Developers: | Nanosemantics Lab |
Date of the premiere of the system: | 2020/09/08 |
Last Release Date: | 2023/11/09 |
Technology: | Big Data, MDM - Master Data Management |
The main articles are:
NLab Marker is an industrial platform ready for implementation and operation on tasks with large amounts of data that need special manual processing: marking and training examples for algorithmic machine learning by specialists. NLab Marker allows you to select objects on video, decrypt audio recordings, and mark up medical images. The service minimizes the work time of data preparation specialists (markers) and the number of errors in the formation of a set of training data (datacet).

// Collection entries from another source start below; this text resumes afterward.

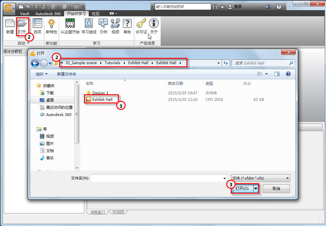 2. 在“启动”面板中,单击“打开”,然后导航到 C:\Users\Public\Public Documents\Autodesk\CFD 2018\Tutorials\Exhibit Hall。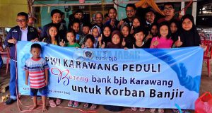 KARAWANG – PWI Kabupaten Karawang bersama Bank Jabar Karawang menggelar aksi sosial dengan memberikan trauma healing kepada anak – anak korban banjir di Desa Karangligar Kecamatan Telukjambe Barat, Jumat (10/1/2020). Trauma healing yang baru pertama kali dilakukan di Desa Karangligar, dimaksudkan untuk menghibur anak-anak korban banjir. Ratusan anak-anak sangat antusias mengikuti acara trauma healing dengan menghadirkan badut-badut serta acara permainan ...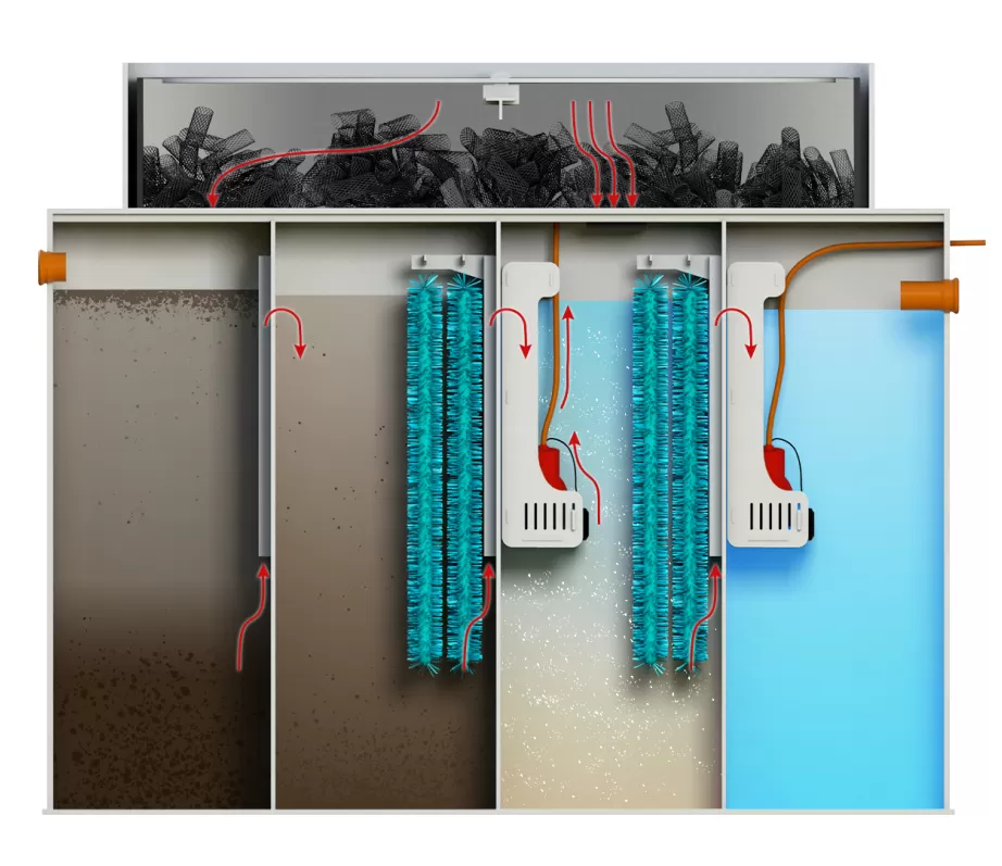 - Во 2 и 3 камерах установлены ершовые загрузки, которые дополнительно очищают воду от взвешенных частиц.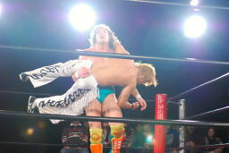 ケニー再び肩車、MIKAMIは背後に着地して(右写真)、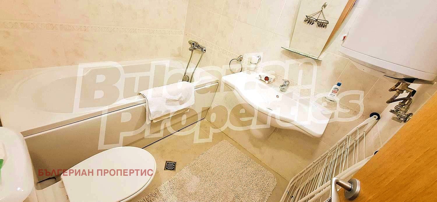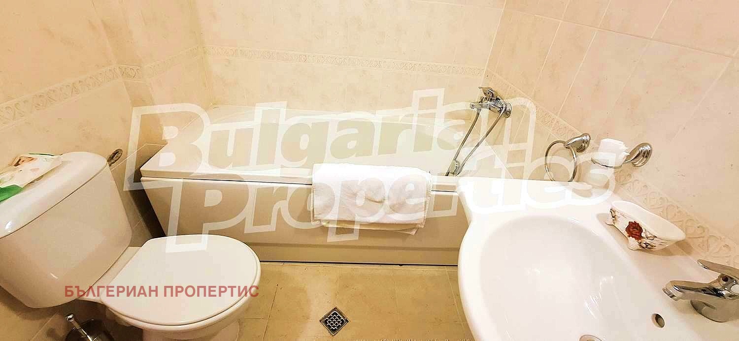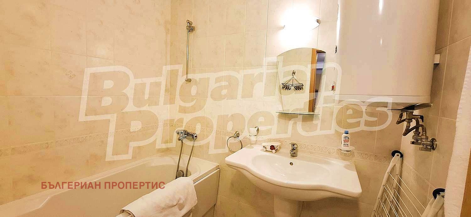 Банята е завършена с внимание към детайла разполага с мивка с огледало, тоалетна и вана с душ, осигуряваща удобство и комфорт.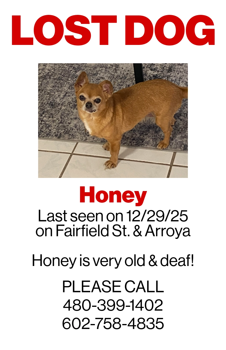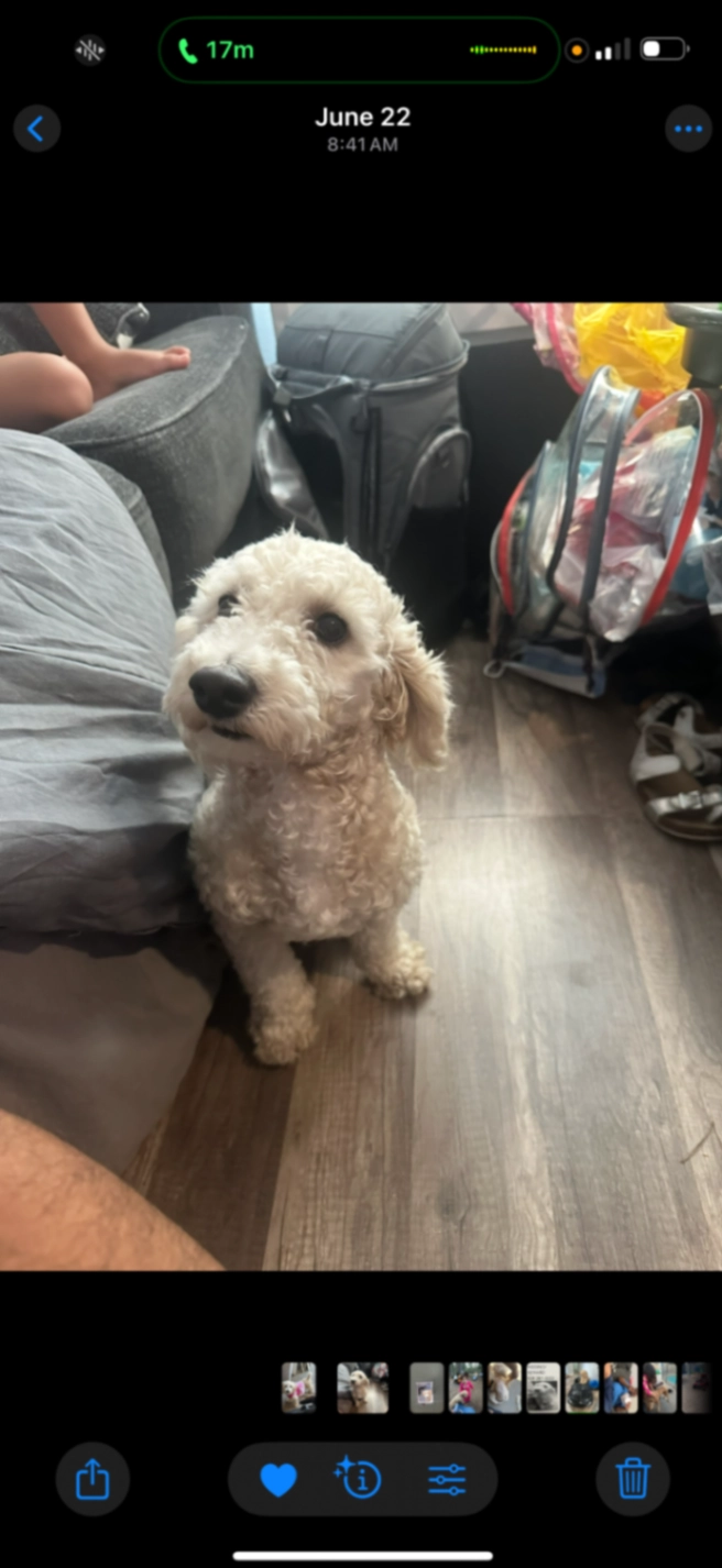 Toy poodle mix last seen on Macdonald and southern on 12/29/25. She is chipped and la wearing a green harness.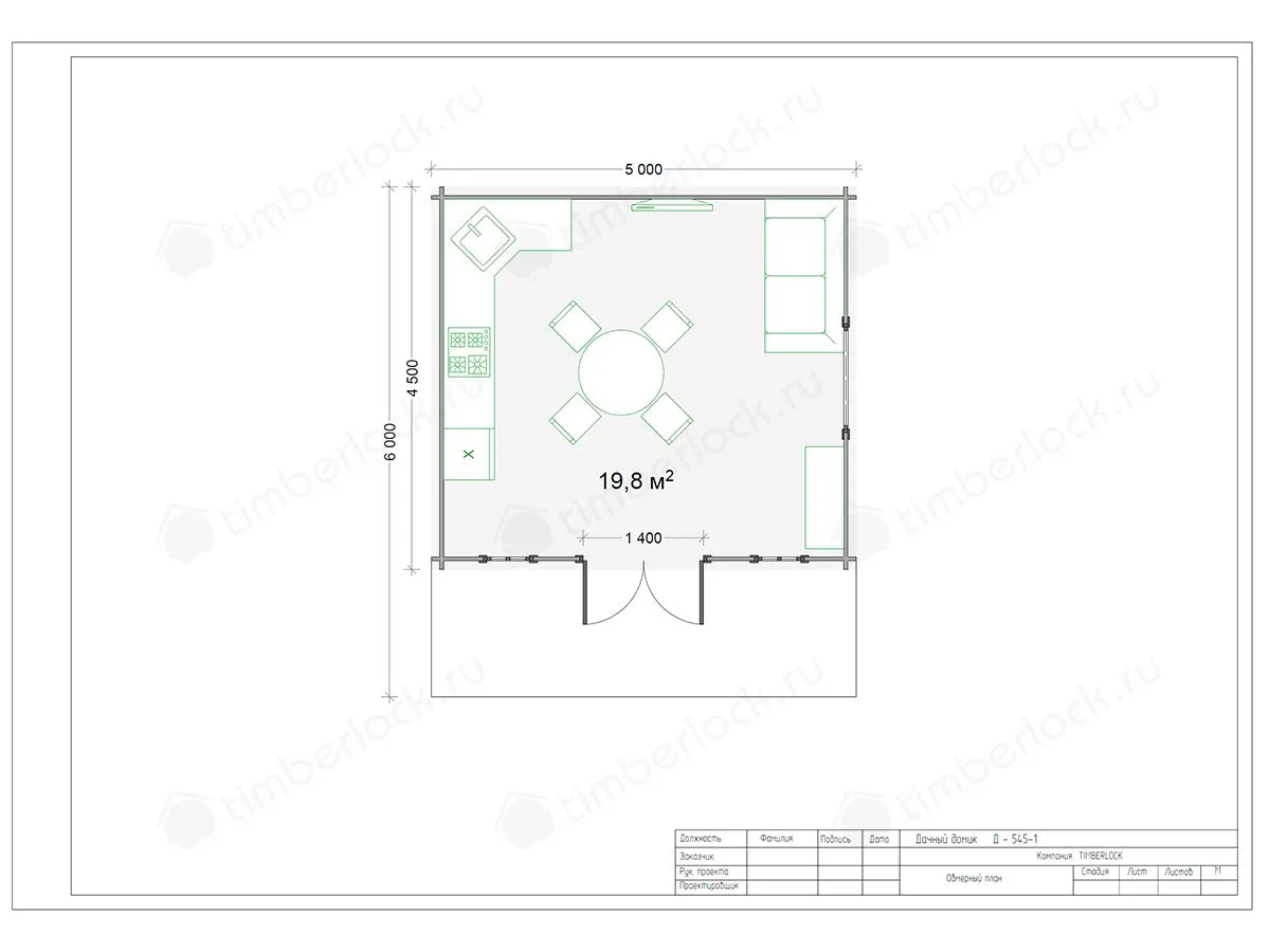 Универсальный дачный домик с одной большой комнатой, одним окном на боковом фасаде и двойными распашными дверьми.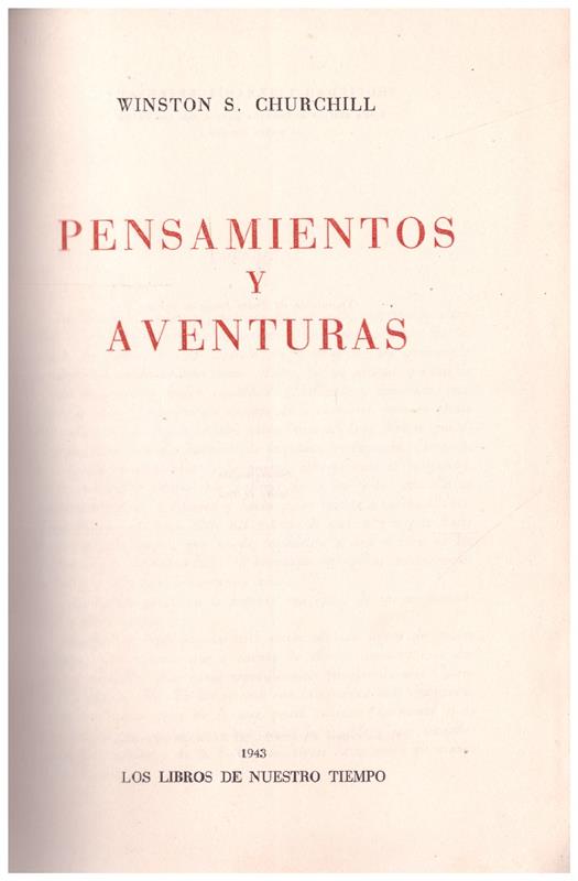 1ª ed. 1943. Barcelona. Trad. P. Fraga de Porto. 319 pp. 22 cms. Ilustr. b/n dentro del texto. Enc. tela editorial. Firma del ant. prop. en portadilla y puntos de óxido. Pensamientos y filosofía política junto con anécdotas y aficiones de Winston S. Churchill escritas por él mismo.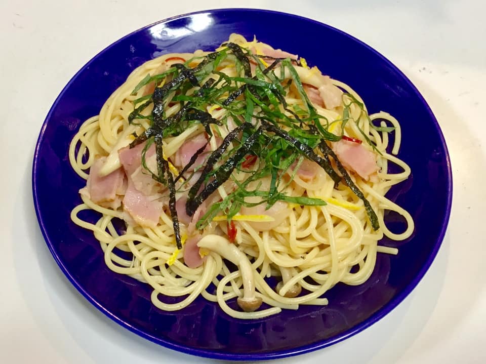 今回は、先月に食堂で出した和風パスタを、昼ご飯で食べれなかったので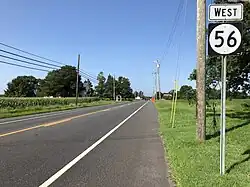 Route 56 is a state highway in the southern part of the U.S. state of New Jersey. Also known as Landis Avenue, it runs 9.19 mi (14.79 km) from an intersection with Route 77 and County Route 622 (CR 622) in Upper Deerfield Township, Cumberland County, to an intersection with Route 47 (Delsea Drive) in Vineland, Cumberland County. The route serves as a connector between Bridgeton and Vineland. West of the interchange with Route 55 in Vineland, Route 56 is a two-lane undivided road that passes through rural areas of Cumberland County, also entering a corner of Salem County. East of Route 55, the route is a four-lane locally maintained road that runs through commercial areas of Vineland.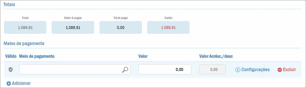 Por fim, vale destacar que, se você confirmar a operação sem informar a condição de pagamento, o sistema requisitará que você preencha o campo Meio de pagamento.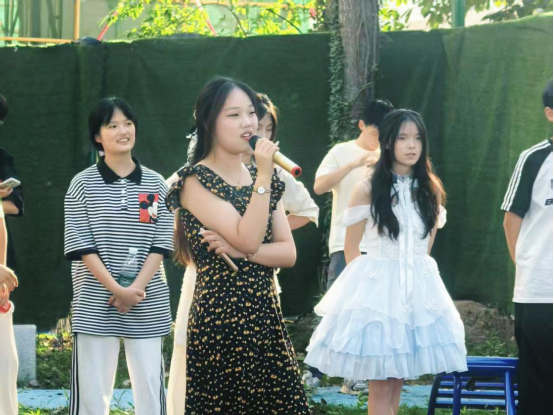 大合唱阶段,四个小组在领唱同学带领下,依次闪亮登场。同学们精神饱满,歌声嘹亮。《稻香》勾起大家对美好田园生活的向往;《七里香》传递出青春的懵懂与纯真;《江南》营造出温婉的氛围;《我怀念的》则唱出对过往美好时光的眷恋。各小组在演唱中融入独特创意,有的加入和声,有的设计简单动作,充分展现出创新能力与艺术才华。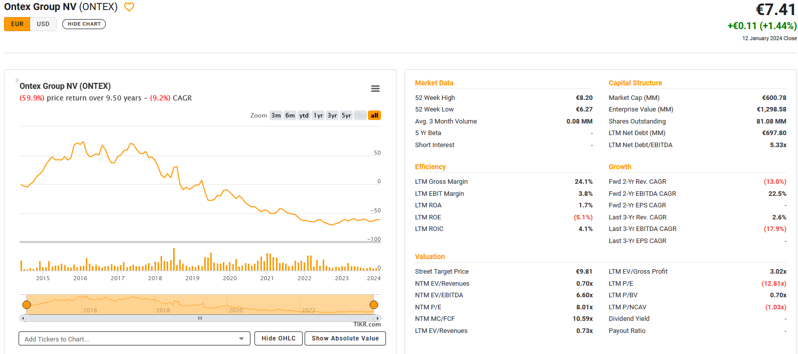 Ontex is a 610 mn EUR market cap that clearly has seen better days. Ontex produces “personal hygiene products and solutions for baby, feminine, and adult care in Belgium, the United Kingdom, the United States, Italy, France, and internationally.”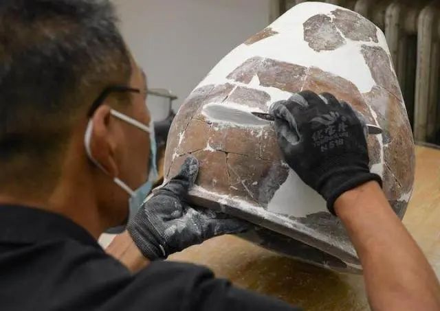 文物工作者對(duì)南佐遺址內(nèi)出土的陶器進(jìn)行修復(fù)(8月25日攝)。新華社記者 李賀 攝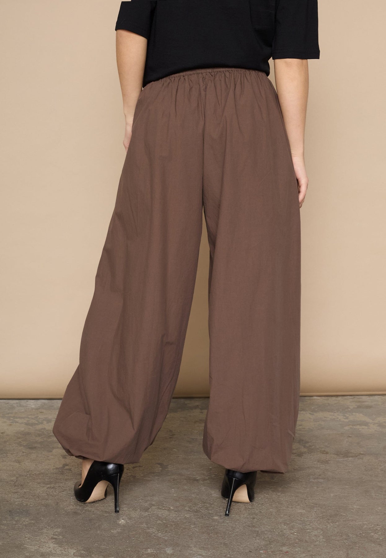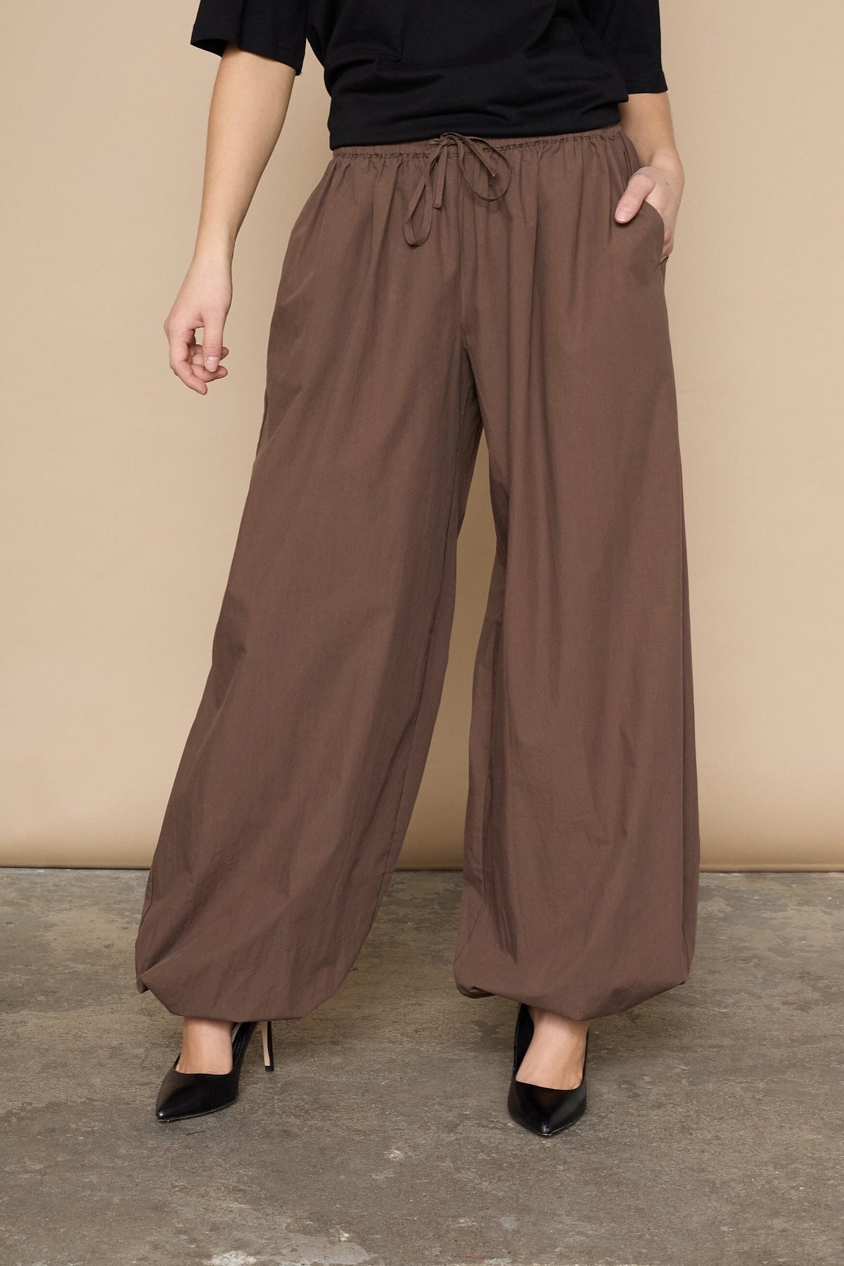 Pantalon marron foncé de Love & Divine, en coton. Le pantalon présente des jambes larges et une coupe ample avec taille élastique et cordon de serrage.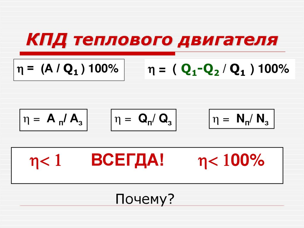 Важнейшая техническая задачаПовысить КПД тепловых двигателей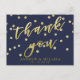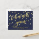 NewParkLane - Cartão postal elegante, com 'Obrigado' em tipografia elegante de folha de ouro falsa, contra um fundo azul-marinho com confetes dourados. Fácil de personalizar no Zazzle com seus próprios nomes, data ou outro texto para um design personalizado. Todo o estilo de texto, cores e tamanhos podem ser modificados para atender às suas necessidades. Você também pode alterar a cor do fundo para qualquer cor que preferir.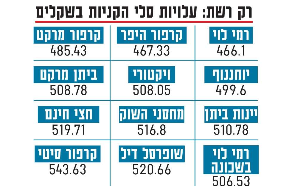 מהסל עולה כי הרשת הזולה ביותר היא רשת הדיסקאונט של רמי לוי, עם סל שעלותו 466.1 שקלים, ואילו הרשת היקרה ביותר מבין הרשתות שנבדקו היא הרשת השכונתית של טיב טעם, טיב טעם בסיטי, עם סל שמחירו 641.3 שקלים. הפער ביניהן הוא 175.2 שקלים, קרי 37.59%.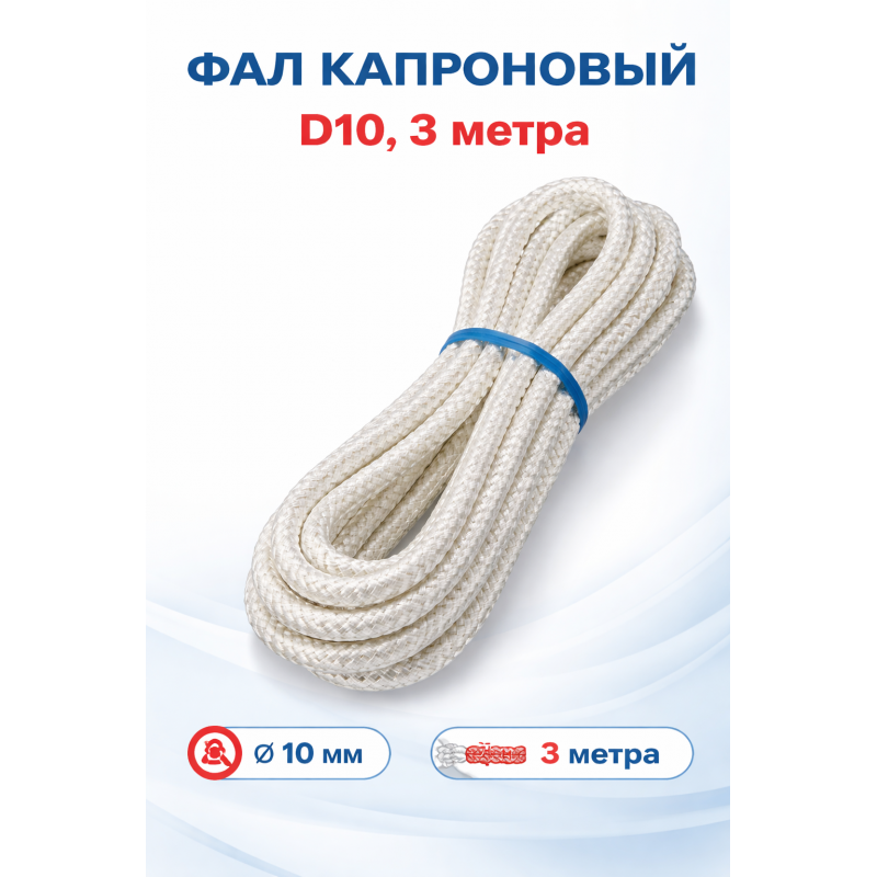 Капроновый фал диаметром 10 мм. Произведен в Беларуси из высококачественного синтетического материала. Продается метражом. Вес одного метра составляет всего 60 грамм.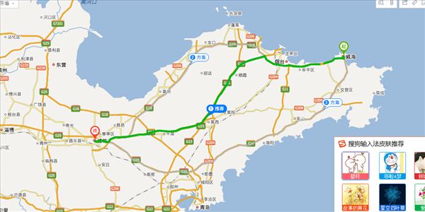 世昌大道、荣乌高速、沈海高速、荣潍高速,用时3小时35分钟,共314公里。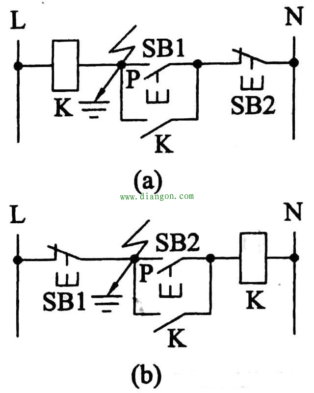 图2所示的接法也是一个道理,虽说SB1和SB2不是一个按钮开关,但两个开关都装在一个开关盒里距离也是很近,处在不同相位上,见图2(a),也有弧光短路的可能。应按图2(b)设计。

2023: Speeding Up the Data Markup Process When Working with Images
The company "Nanosemantics" on November 9, 2023 presented an updated service for marking up data "Marker.ru," which is used as a tool for preparing datacets for machine learning and creating neural networks based on them.
The main changes affected the platform interface. Now "Marker.ru" has an English-language version, and the platform also gives wider possibilities for visualizing marked-up data, which makes the work of specialists clearer and more convenient.
New functions have appeared in Active Learning technology, which accelerates the work of the markup due to parallel learning - the neural network built into the "Marker.ru" "monitors" the actions of the assessor, after which it begins to independently "see" the necessary data. Added tools that allow you to achieve faster data markup when working with images - Magic Wand and One-Shot. Magic Wand automatically highlights the object and minimizes the need for manual adjustment. One-Shot allows you to select the desired object on the reference example, after which the neural network will begin to independently find similar objects in other images.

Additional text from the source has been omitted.